那时候车间里的霍秀兰逢人就哭,说她妹妹陈巧云家那个刚满七岁的女儿陈念微得了绝症,要是找不到匹配的骨髓就没命了。
厂里为了照顾老员工,拉着全厂百十号人去做了登记。
卫国梁当时不过是个跟霍秀兰没说过几句话的普通库管,看着那张表格,想着自家也有孩子,便顺手把名字填了上去。
谁也没料到,全厂几十个去验血的人里,偏偏就他这个外姓人的骨髓与陈念微高度吻合。
接到郑州医院通知的那天,霍秀兰甚至当着全车间人的面给卫国梁抓了一大把大白兔奶糖,说话的声音高得生怕厂长听不见。
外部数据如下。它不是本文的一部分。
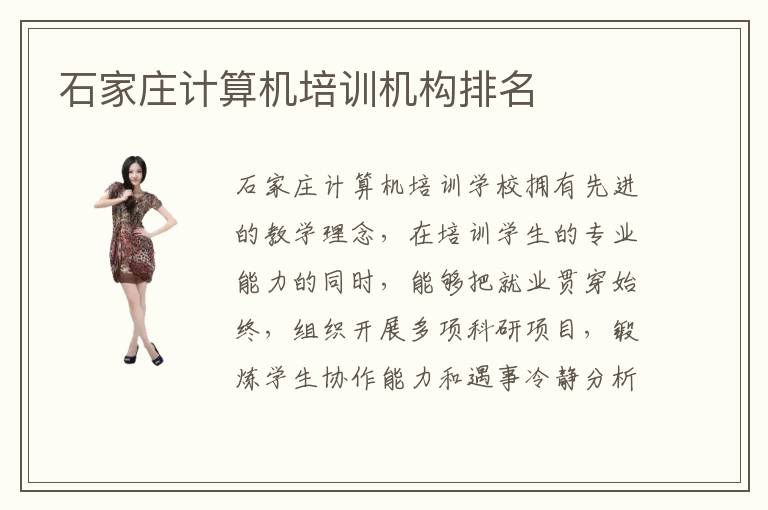 石家莊計(jì)算機(jī)培訓(xùn)計(jì)算機(jī)培訓(xùn)學(xué)校擁有先進(jìn)的教學(xué)理念,在培訓(xùn)學(xué)生的專(zhuān)業(yè)能力的同時(shí),能夠把就業(yè)貫穿始終,組織開(kāi)展多項(xiàng)科研項(xiàng)目,鍛煉學(xué)生協(xié)作能力和遇事冷靜分析的能力。石家莊計(jì)算機(jī)培訓(xùn)機(jī)構(gòu)排名情況能夠及時(shí)更新嘛?石家莊計(jì)算機(jī)培訓(xùn)口碑情況怎么樣?石家莊學(xué)習(xí)計(jì)算機(jī)IT有前途嗎?目前來(lái)看,計(jì)算機(jī)IT依然是國(guó)內(nèi)數(shù)一數(shù)二的熱門(mén)專(zhuān)業(yè),學(xué)好計(jì)算機(jī)為將來(lái)的就業(yè)提供了保證。

那时候的霍秀兰在大家眼里是个重情重义的好姨妈,为了外甥女能豁出命去求人。
可只有卫国梁自己记得,手术做完后的第三个月,一切都变了。
那是二八月的天气,卫国梁刚从医院回来没多久。
抽骨髓的后遗症让他整天低烧,腰背酸痛得像被铁棍狠狠砸过一样。
为了不被扣掉那点全勤奖养家,他只请了三天假就咬着牙回仓库上班,每天搬运几打罐头都疼得直冒冷汗。
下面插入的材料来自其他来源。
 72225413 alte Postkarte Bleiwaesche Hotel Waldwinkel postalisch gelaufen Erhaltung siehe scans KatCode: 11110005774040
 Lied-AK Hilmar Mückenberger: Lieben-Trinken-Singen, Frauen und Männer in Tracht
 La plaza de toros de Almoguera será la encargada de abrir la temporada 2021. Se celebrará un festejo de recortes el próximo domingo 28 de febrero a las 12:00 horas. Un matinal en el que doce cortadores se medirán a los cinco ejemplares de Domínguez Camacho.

那天下午,他在厂区水池边洗手,正好看见霍秀兰跟几个女工在树荫下剥花生。
卫国梁本想过去问问陈念微术后的恢复情况,可他刚往前走了两步,霍秀兰的目光扫过来,整个人就像被针扎了一下,猛地转过身去,拉着旁边的工友就往车间里走。
冷水从水龙头里哗哗地流,卫国梁站在原地,手冻得发青。
后来他才从老友罗德发嘴里听到风声,霍秀兰私下里跟车间的人嘀咕,说老卫这人平时不声不响的,这次立了大功,以后指不定要怎么拿捏陈家,万一哪天开口借个几万块钱,她们当工人的哪还得起。
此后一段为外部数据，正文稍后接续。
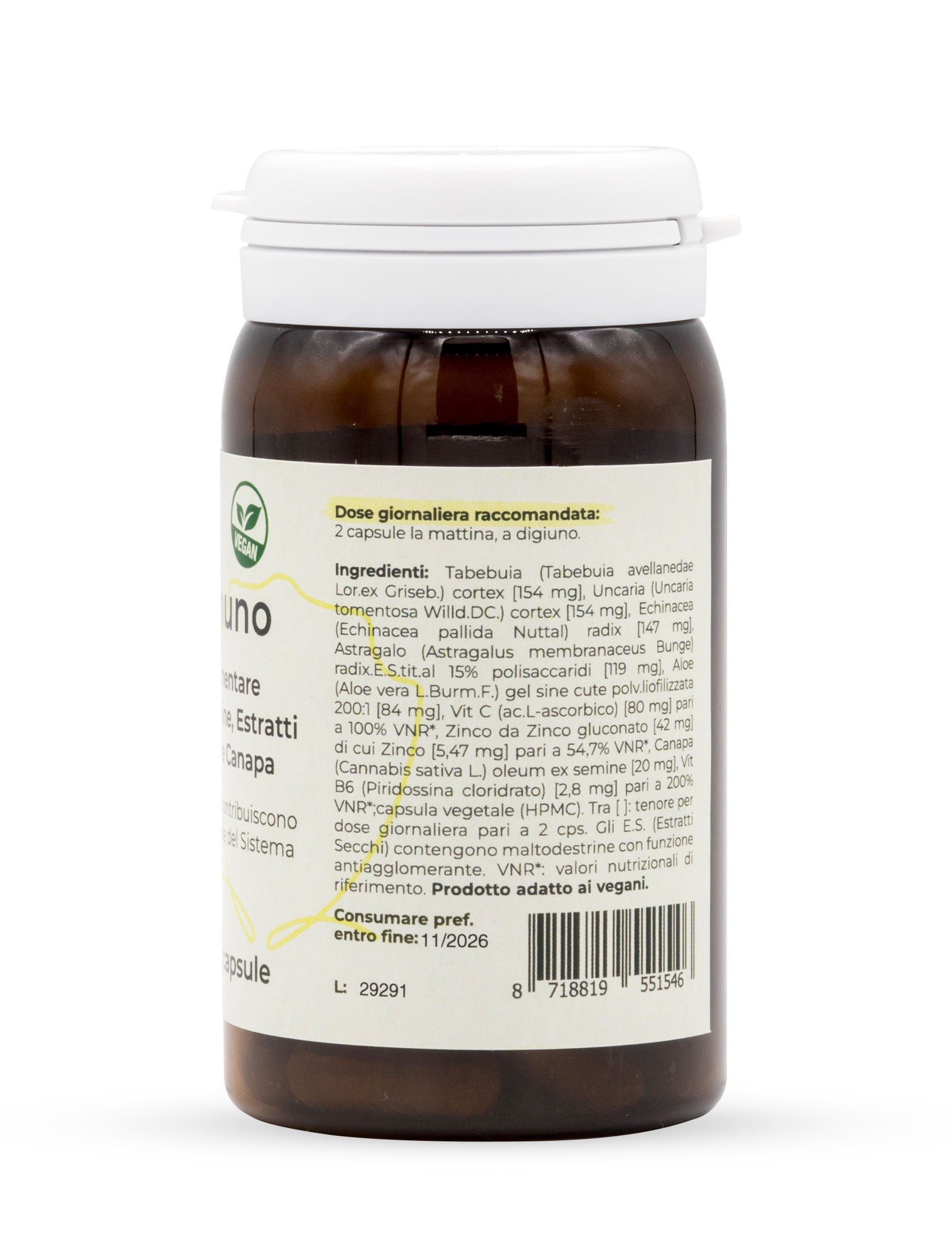 Ingredienti: Olio di canapa, Vitamina C, Vitamina B6, Zinco, Tabebuia, Uncaria, Echinacea e Astragalo

那一年春节,卫国梁想去看看那个好不容易活下来的孩子。
他托人给陈巧云家带去了一袋自家种的红皮花生,没有旁的意思,只是想知道那个七岁的小姑娘是不是能跑能跳了。
可那袋花生送过去之后,就像掉进了没底的深潭。
陈巧云收下了东西,却连半个字都没有捎回来。
霍秀兰在厂里看见他,也总是隔着老远就绕道走,仿佛卫国梁是个带着传染病的瘟神。
既然对方觉得这份恩情是个卸不掉的包袱,卫国梁便在心里把边界画得清清楚楚。
从第五年霍秀兰辞职离开食品厂,到后来陈念微考上大学,整整21年,两家再无一丝瓜葛。
回忆在手机屏幕重新亮起的瞬间被掐断。
这一次跳出来的不是电话,而是一条微信好友申请,验证信息只有一句话:卫叔叔,我是陈念微,求您救救我。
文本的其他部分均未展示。